Strategy 6: Monitoring and Alerts

Track spending in real-time:

from dataclasses import dataclass
from datetime import datetime
import logging

@dataclass
class UsageEvent:
    timestamp: datetime
    project: str
    model: str
    input_tokens: int
    output_tokens: int
    cost: float

class CostMonitor:
    def __init__(self, alert_threshold: float = 100.0):
        self.events: list[UsageEvent] = []
        self.alert_threshold = alert_threshold
        self.logger = logging.getLogger(__name__)

    def record(self, project: str, model: str, input_tokens: int, output_tokens: int):
        """Record usage event."""
        cost = self._calculate_cost(model, input_tokens, output_tokens)

        event = UsageEvent(
            timestamp=datetime.utcnow(),
            project=project,
            model=model,
            input_tokens=input_tokens,
            output_tokens=output_tokens,
            cost=cost
        )

        self.events.append(event)
        self._check_alerts(project)

    def _calculate_cost(self, model: str, input_tokens: int, output_tokens: int) -> float:
        """Calculate cost in dollars."""
        rates = {
            "gpt-35-turbo": (0.002, 0.002),
            "gpt-4": (0.03, 0.06),
            "gpt-4-32k": (0.06, 0.12),
        }

        input_rate, output_rate = rates.get(model, (0.002, 0.002))
        return (input_tokens / 1000 * input_rate) + (output_tokens / 1000 * output_rate)

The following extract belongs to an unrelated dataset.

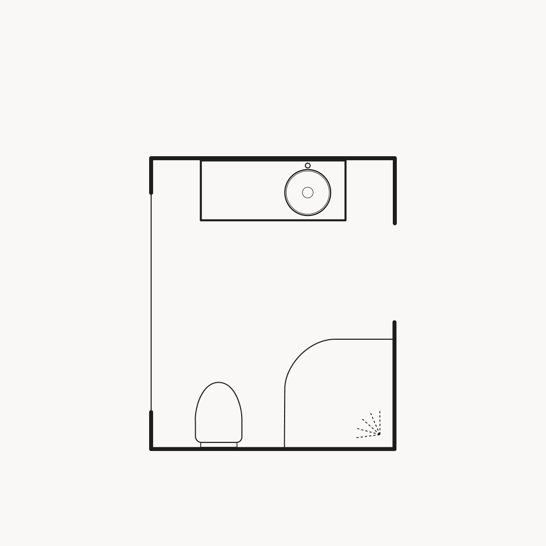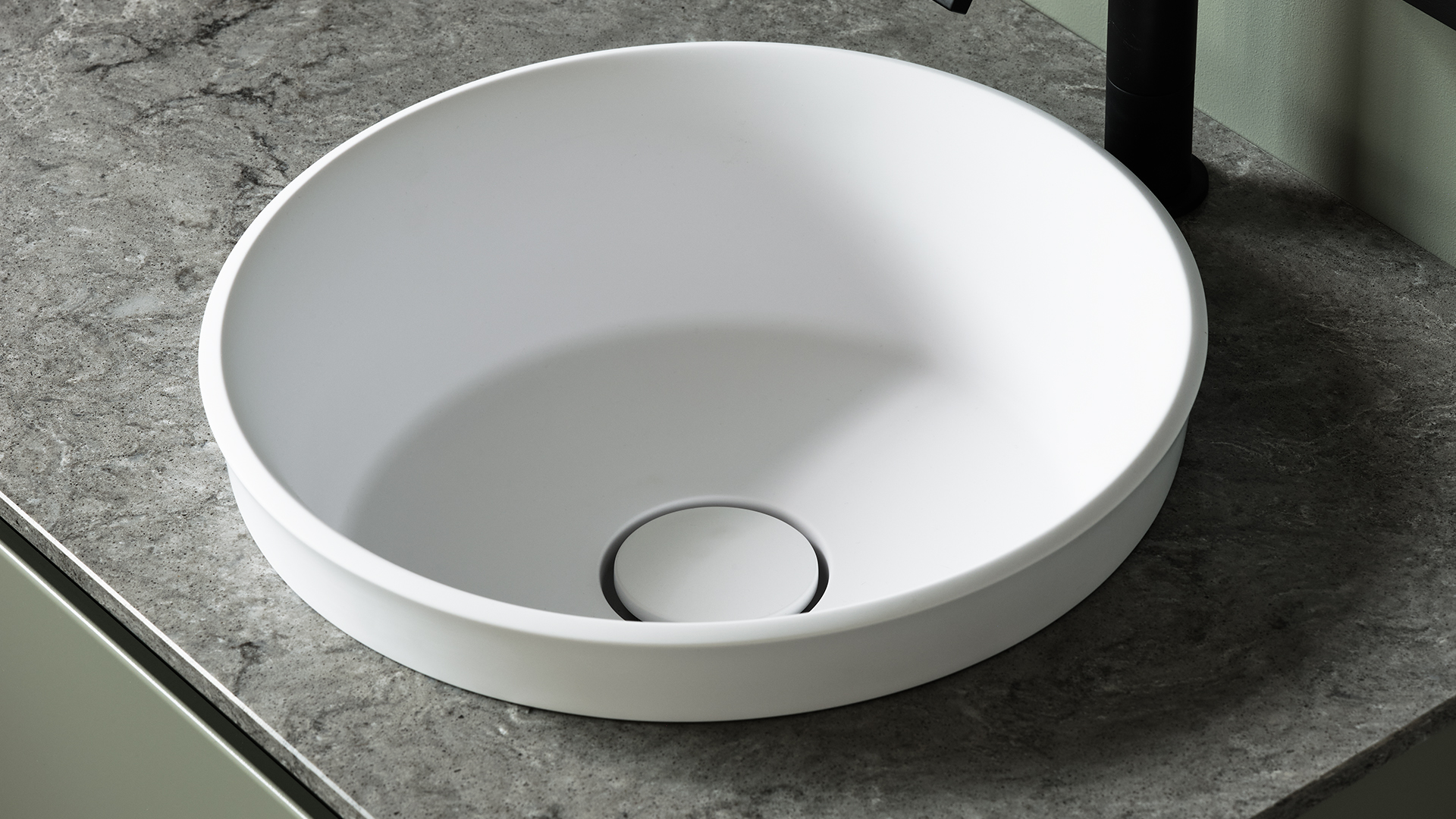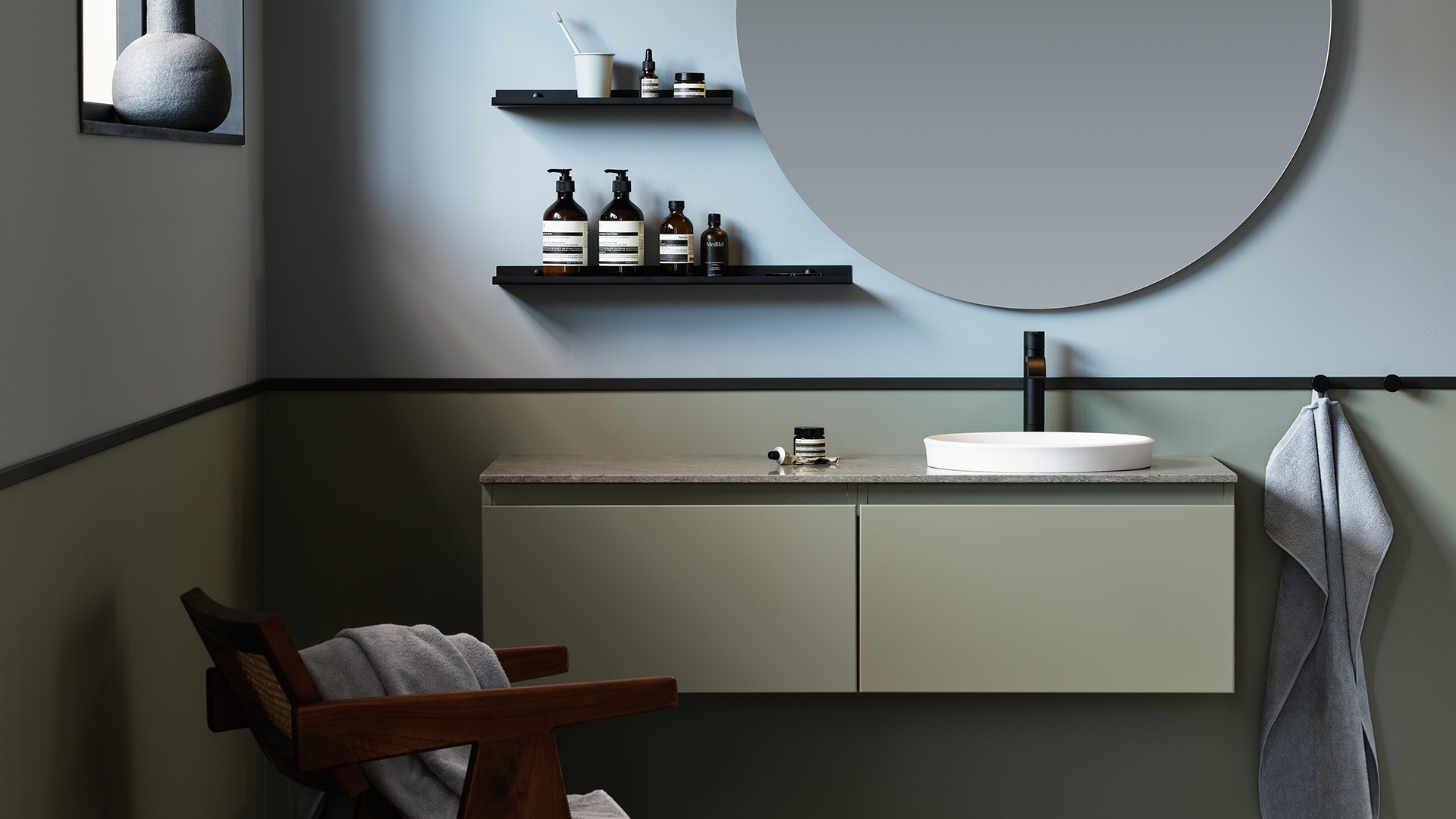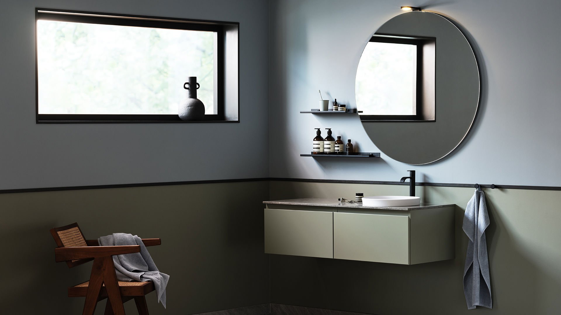 Ett ljust och luftigt badrum med en färgkombination där himmelsblått möter grönska. Den taktila topplattan i kompositstenen Turbine Grey passar fint till det seminedfällda tvättstället Zone. Här får du generösa avställningsytor vid handfatet, en stor rund spegel för att skapa extra rymd och luftighet i badrummet – och hyllor i svart metall som ger badrummet karaktär.

    def _check_alerts(self, project: str):
        """Check if spending exceeds threshold."""
        today = datetime.utcnow().date()
        daily_cost = sum(
            e.cost for e in self.events
            if e.project == project and e.timestamp.date() == today
        )

        if daily_cost > self.alert_threshold:
            self.logger.warning(
                f"ALERT: Project {project} daily spend (${daily_cost:.2f}) "
                f"exceeds threshold (${self.alert_threshold:.2f})"
            )

    def get_daily_report(self) -> dict:
        """Get daily spending report."""
        today = datetime.utcnow().date()
        today_events = [e for e in self.events if e.timestamp.date() == today]

        by_project = {}
        for event in today_events:
            if event.project not in by_project:
                by_project[event.project] = {"cost": 0, "requests": 0, "tokens": 0}

            by_project[event.project]["cost"] += event.cost
            by_project[event.project]["requests"] += 1
            by_project[event.project]["tokens"] += event.input_tokens + event.output_tokens

        return {
            "date": str(today),
            "total_cost": sum(e.cost for e in today_events),
            "total_requests": len(today_events),
            "by_project": by_project
        }

Quick Wins Checklist

Use GPT-3.5 for simple tasks
Cache deterministic responses
Optimize prompts to reduce tokens
Batch similar requests
Set token budgets per project
Monitor costs daily
Use shorter max_tokens where possible
Leverage embeddings caching

Start with these strategies and refine based on your usage patterns. A 50-70% cost reduction is achievable with proper optimization.